WHAT NEEDS TO BE DONE:
Repeat only the lines from the one that contains "The quality and" through the final line of the listing below, exactly, please, without pictures.

MATERIAL PROVIDED:

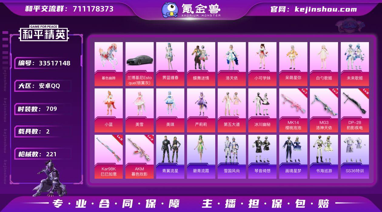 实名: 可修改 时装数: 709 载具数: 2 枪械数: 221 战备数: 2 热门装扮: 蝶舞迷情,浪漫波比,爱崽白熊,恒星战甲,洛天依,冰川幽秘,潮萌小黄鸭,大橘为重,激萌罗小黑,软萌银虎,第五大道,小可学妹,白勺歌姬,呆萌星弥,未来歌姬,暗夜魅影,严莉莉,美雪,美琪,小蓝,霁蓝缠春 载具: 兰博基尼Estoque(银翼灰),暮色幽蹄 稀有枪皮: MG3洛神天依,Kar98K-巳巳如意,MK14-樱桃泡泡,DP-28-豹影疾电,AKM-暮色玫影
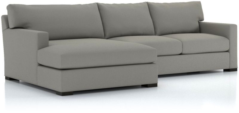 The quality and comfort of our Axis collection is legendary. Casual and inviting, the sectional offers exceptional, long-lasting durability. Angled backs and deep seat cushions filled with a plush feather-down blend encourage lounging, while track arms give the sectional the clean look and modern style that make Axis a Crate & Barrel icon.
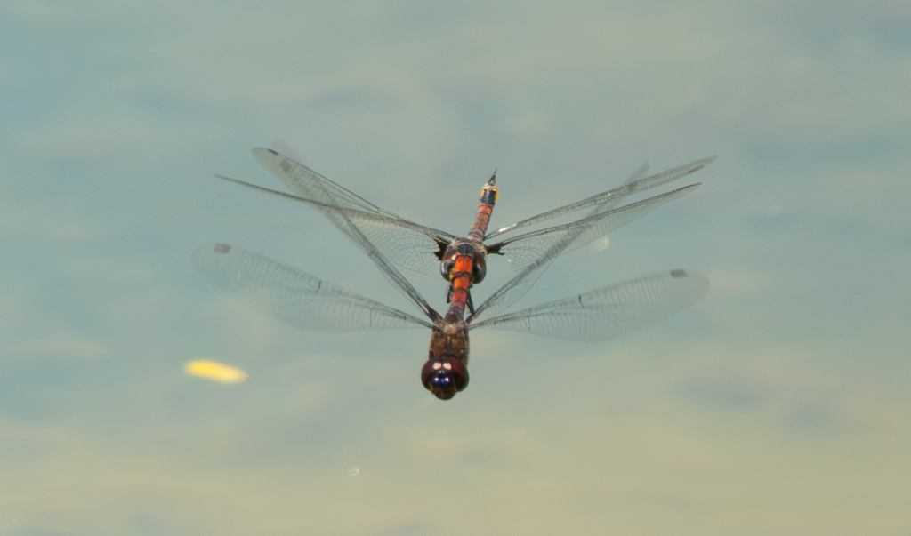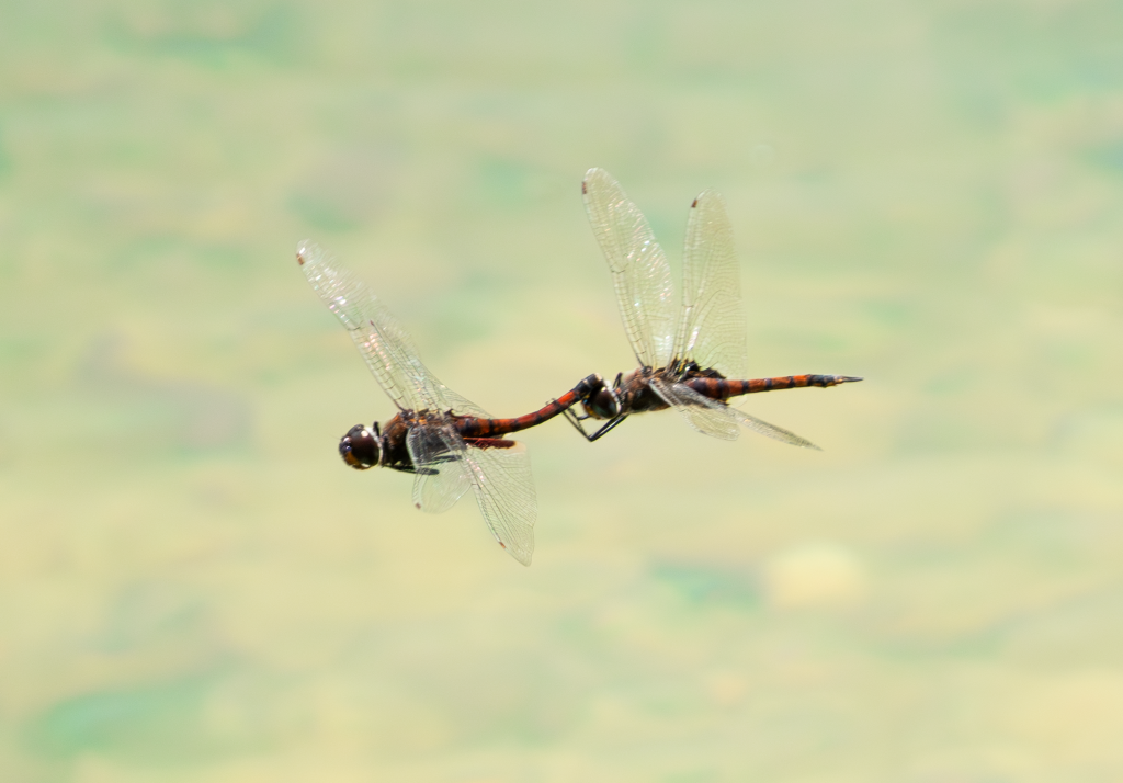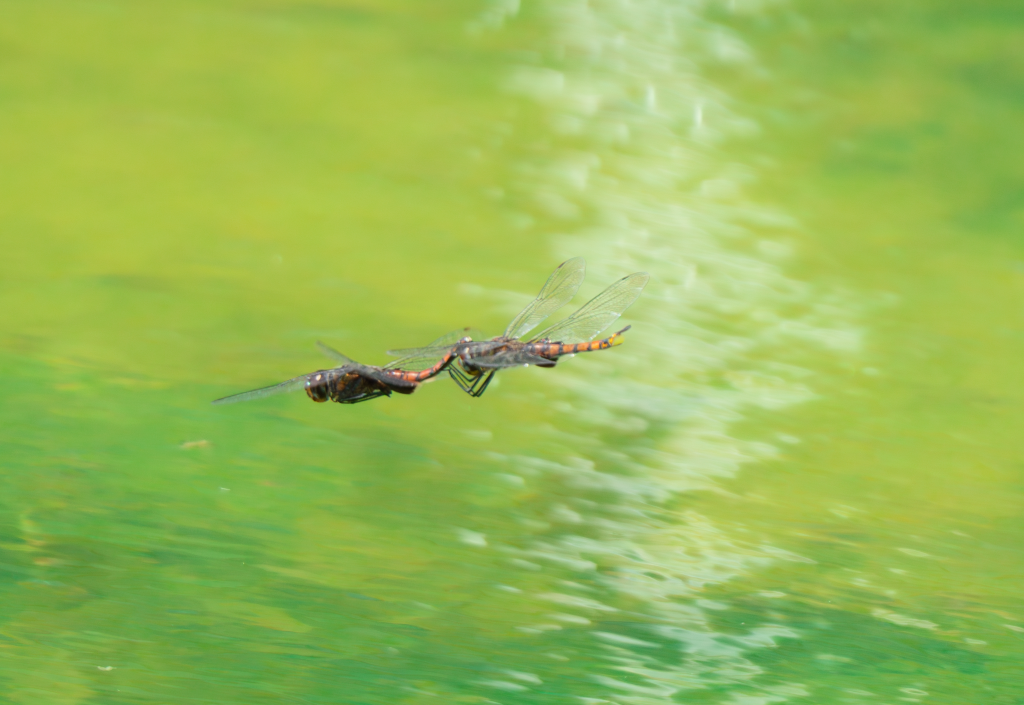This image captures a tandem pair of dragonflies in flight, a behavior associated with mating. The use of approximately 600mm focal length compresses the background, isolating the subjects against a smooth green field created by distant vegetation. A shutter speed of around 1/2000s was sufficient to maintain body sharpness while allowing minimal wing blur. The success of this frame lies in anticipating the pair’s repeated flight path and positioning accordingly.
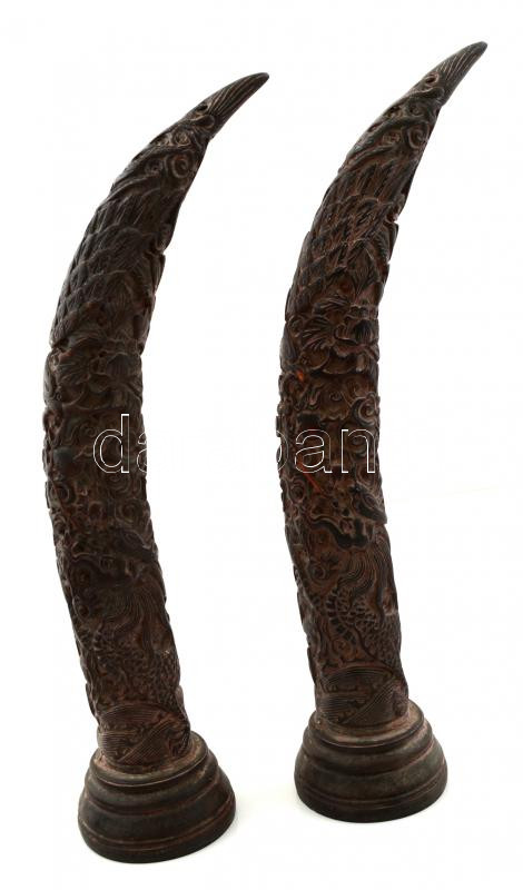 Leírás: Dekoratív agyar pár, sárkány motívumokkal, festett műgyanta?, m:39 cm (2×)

EXERCISE RESPONSE:
 The quality and comfort of our Axis collection is legendary. Casual and inviting, the sectional offers exceptional, long-lasting durability. Angled backs and deep seat cushions filled with a plush feather-down blend encourage lounging, while track arms give the sectional the clean look and modern style that make Axis a Crate & Barrel icon.
This image captures a tandem pair of dragonflies in flight, a behavior associated with mating. The use of approximately 600mm focal length compresses the background, isolating the subjects against a smooth green field created by distant vegetation. A shutter speed of around 1/2000s was sufficient to maintain body sharpness while allowing minimal wing blur. The success of this frame lies in anticipating the pair’s repeated flight path and positioning accordingly.
 Leírás: Dekoratív agyar pár, sárkány motívumokkal, festett műgyanta?, m:39 cm (2×)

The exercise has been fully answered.